Iksil earned the nickname "the London Whale" for the size of the derivatives trades he made in late 2011 and early 2012. Though initially blamed for the bad decisions leading to the losses, the charges against his former colleagues are now casting him in a more heroic light, at least according to federal authorities.
Iksil emerges in the criminal complaints as a pivotal voice during the escalating scandal, a dissenter who wanted to quickly exit the unwieldy trading positions and who at times tried to argue against hiding the group's mounting losses.
The criminal complaints include references to several conversations and email exchanges in which Iksil tells Grout he takes issue with Martin-Artajo's instructions to minimize reported losses. In a conversation on March 16, 2012, authorities quote Iksil as telling Grout: "I don't know where he (Martin-Artajo) wants to stop, but it's getting idiotic."
On March 30, according to the charging documents, Martin-Artajo asked Grout to report losses of only $200 million, even though Grout had estimated the day's losses as being $250 million. They eventually whittled the losses down even further, to $150 million and then to $138 million, before Grout eventually filed the price report late that evening.
Just a few weeks later, in a conversation with Iksil, Grout ruminated on how to report more losses on the portfolio without igniting a firestorm among the bank's upper managers. He appeared to want to downplay the loss amounts while keeping them realistic.
"I don't want to show something that is too false," Grout said.
Grout, 35, was Iksil's deputy and was in charge of marking the values of the trades in the group's books.
Martin-Artajo, 49, was Iksil's direct boss in the chief investment office. Prosecutors accuse him of pressuring Iksil and Grout to report prices at more favorable levels, according to the court papers.
JPMorgan had to scramble to unwind Iksil's derivatives positions after they came to light. The loss tainted the reputation of the bank and of Dimon, and led to calls for greater oversight. It also highlighted the scale of the bank's risk-taking activities.
Critics said JPMorgan should not have been able to engage in such risky behavior while it engaged in commercial banking.
The complaint against Martin-Artajo said he also manipulated the single person who is not named in the complaint, whose role it was to independently review the prices of trading positions marked in the chief investment office's books.
"The defendant and his co-conspirators took full advantage of the freedom" offered by the unnamed person's flimsily structured office, called the "valuation control group," the complaint said.

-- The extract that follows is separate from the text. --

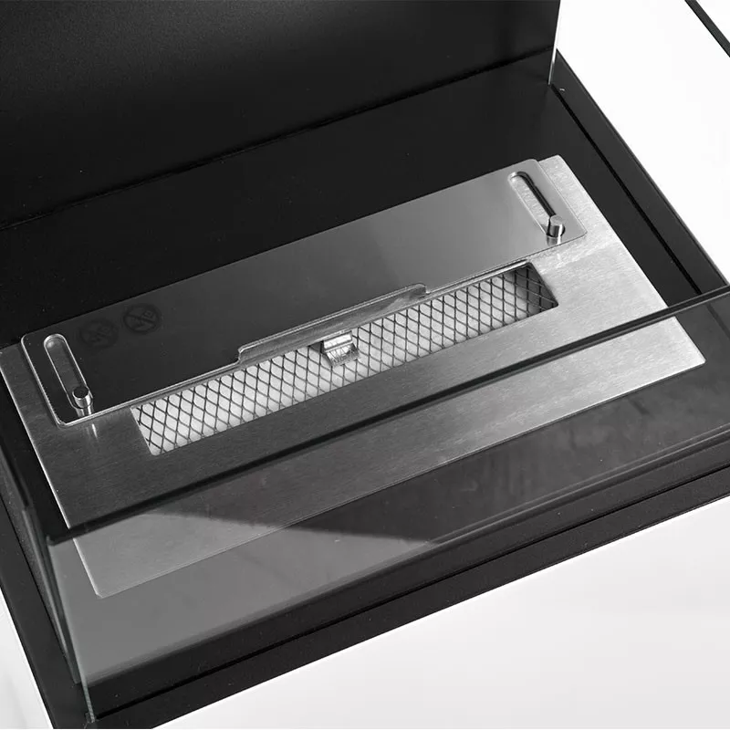 De tre härdade glaspanelerna runt lågorna ger både säkerhet och fri sikt över elden, vilket förstärker både designupplevelsen och tryggheten samtidigt som lågorna syns tydligt från flera vinklar.

The complaint said Martin-Artajo and his team did this by talking to the valuation control group employee and sharing with him only selected price quotes they had received "with the result that the CIO VCG ultimately did not perform a meaningful check on the trader valuations."

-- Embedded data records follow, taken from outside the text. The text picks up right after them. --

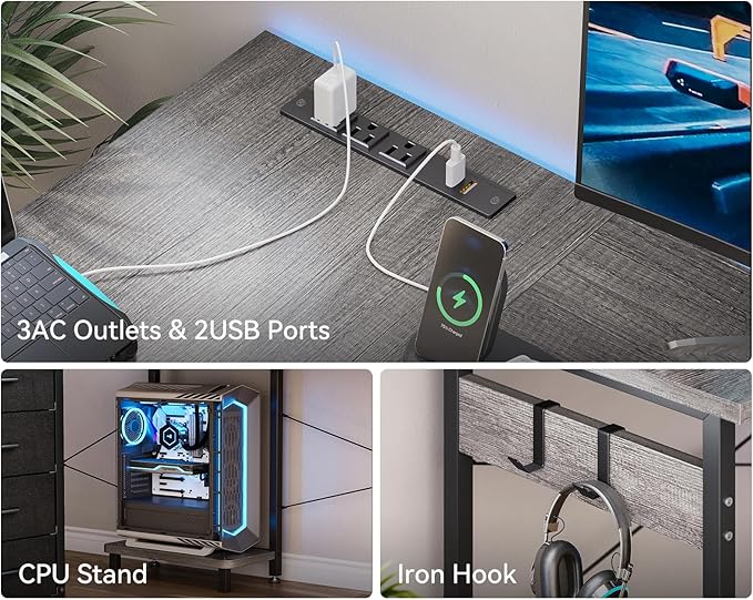 - 【Built-in power outlet】This gaming desk comes with a recessed power outlet that provides 3 AC outlets and 2 USB ports. This l desk simplifies the process of charging devices such as laptops, smartphones and tablets with greater convenience and safety. Whether you're playing games or working intensely, you'll stay powered up without cluttering your space with extra extension cords.
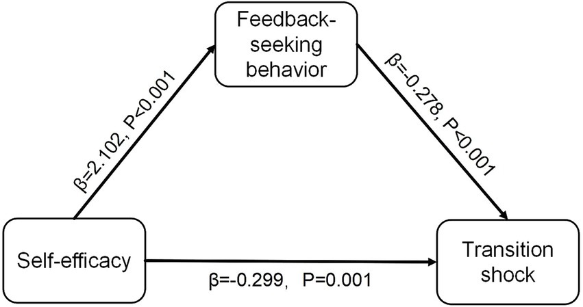 On the other hand, the feedback-seeking behavior has a mediating effect between self-efficacy and transition shock. The mediating effect accounts for 66.1% of the total effect of self-efficacy on transition shock. That is, self-efficacy not only affects the transition shock of nursing students, but also indirectly influences their transition shock through feedback-seeking behavior.
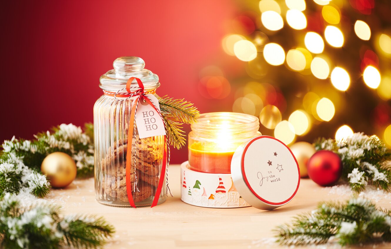 Profite du temps d'attente pendant le séchage pour décorer les bocaux de stockage de manière créative. Un bocal à provisions avec couvercle peut être décoré de manière originale avec un sous-verres en carton . À l'aide de tampons en silicone et de peinture rouge, tu peux donner au bord du couvercle un aspect particulièrement festif. Une banderole décorative complète le design. Pour le pot de bonbons, de jolis rubans et un tag tamponné avec amour sont des accessoires charmants. Une petite branche de sapin sur le tag complète la décoration et lui confère un charme de Noël.

The two men each face charges of conspiracy, falsifying books and records, wire fraud, and causing false statements to be made to the U.S. Securities and Exchange Commission. They may face up to 25 years each in prison.

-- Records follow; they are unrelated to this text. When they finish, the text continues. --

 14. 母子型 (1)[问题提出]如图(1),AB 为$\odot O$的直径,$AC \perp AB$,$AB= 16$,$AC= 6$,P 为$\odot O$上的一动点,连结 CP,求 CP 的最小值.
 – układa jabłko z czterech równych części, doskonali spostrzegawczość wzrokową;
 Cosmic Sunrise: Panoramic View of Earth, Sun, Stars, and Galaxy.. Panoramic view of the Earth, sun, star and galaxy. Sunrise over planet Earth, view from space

The maximum fines for their charges are $250,000 each, or twice the gross gain or loss from the offenses.
The U.S. Securities and Exchange Commission filed a related civil complaint against Martin-Artajo and Grout.
A spokesman for JPMorgan declined to comment.
Iksil will not face criminal charges, according to the cooperation agreement, which was signed on June 20. His testimony helped build the cases against his former colleagues; he appears in both sets of charges as "cw-1," an unnamed cooperating witness.
Iksil was fired along with Martin-Artajo last year, as the scandal surrounding the bank's losses escalated.